I shot the deer around 6 pm, and we didn't start tracking it until 8 pm when my father got there. I wanted him to be with me when I found it. Once I told the story to everybody, we started down the four wheeler track to start tracking him. The anticipation made that walk seem like it took forever.
I first stood where he was when I shot and then turned where he took off and found the fletching part of my arrow. We had pretty good blood and you could literally smell the "rutting" buck smell. At one point, the blood went to one drop, so I stood on the last drop while my dad and Tom went ahead. It seemed like forever until I heard my dad yell, "I got blood."
I was so relieved to hear that and then, at the same time, my dad and buddy, Tom, yelled out, "There's your deer!" I ran up to it and grabbed the rack. We counted the points and actually used my boot to get a rough estimate of the inside spread.

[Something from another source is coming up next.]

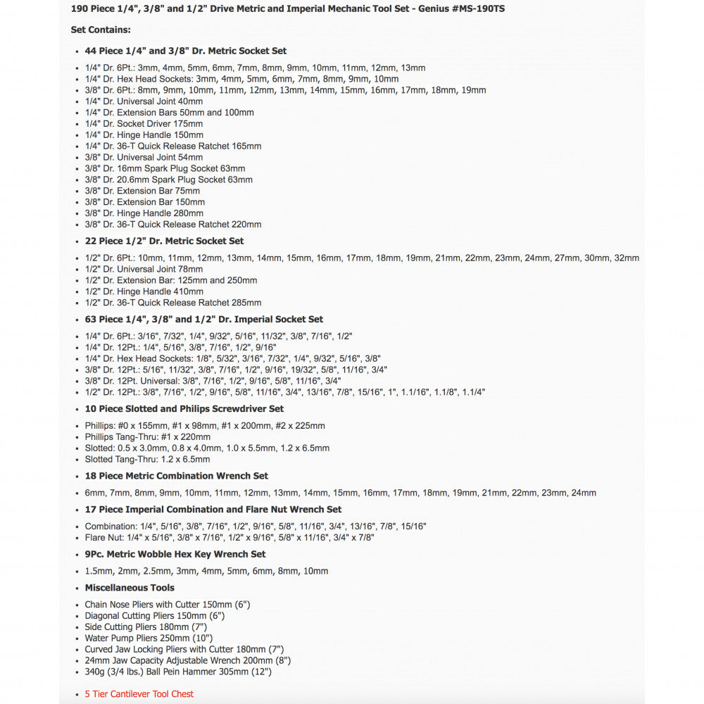 Genius 190 Piece Metric/Imperial Tool Kit in 5 - Tier Cantilever Tool Box

I was so excited that I started hollering and giving high fives and gave my dad a big hug. As I sat there looking at the deer, I realized it was the same buck that I saw the morning of Halloween. On that morning, I was sitting in the "Rut stand," which is the stand that I shot the 17-point buck from last year.
That morning I heard a deer come just before first light and actually heard him make two scrapes and what sounded like a rub. As I heard all of this, I picked up my bow, but I could not see my pins, so there was no way I was going to get a shot. The deer ended up twelve yards in front of me and I could make out that the rack was outside his ears.
I spoke with my father that night and told him that I saw the deer that I was going to try to get him to harvest. My focus for this year was to have my daughter Jordyn shoot her first deer and to give my dad the opportunity to harvest a mature 120-inch deer, since he has never shot one that big. My daughter had harvested a doe during the youth hunt and I was able to catch it all on video tape so my focus had turned to my father.
My other friend, Dan, helped me drag the brute out of the woods. We chose not to gut him out until after we got done taking pictures; therefore, it made the drag of the deer quite difficult and heavy. That's when my brother showed up, having driven down from Jackson. It was nice to share this experience with my brother and father. They were not with me when I got my big buck last year, and I did not get many pictures then; therefore, this year I was going to make sure that I did. We took about two hours to take two rolls of film then I proceeded to gut him out and get him loaded in the truck.
To sum everything up, this season is not over yet and it has been extremely exciting. From the early scouting and hanging treestands with my father, to preparing my daughter, Jordyn, for her first hunt, as well as practicing shooting my bow every other night with my son, Payton, right next to me shooting his compound bow. I still have one weekend left of bow hunting and then the gun season opens and my focus will turn to sitting with my daughter again and seeing if she can harvest her first buck.
I would like to thank my family, especially my brother and father, Dan and Tom for being a part of this experience.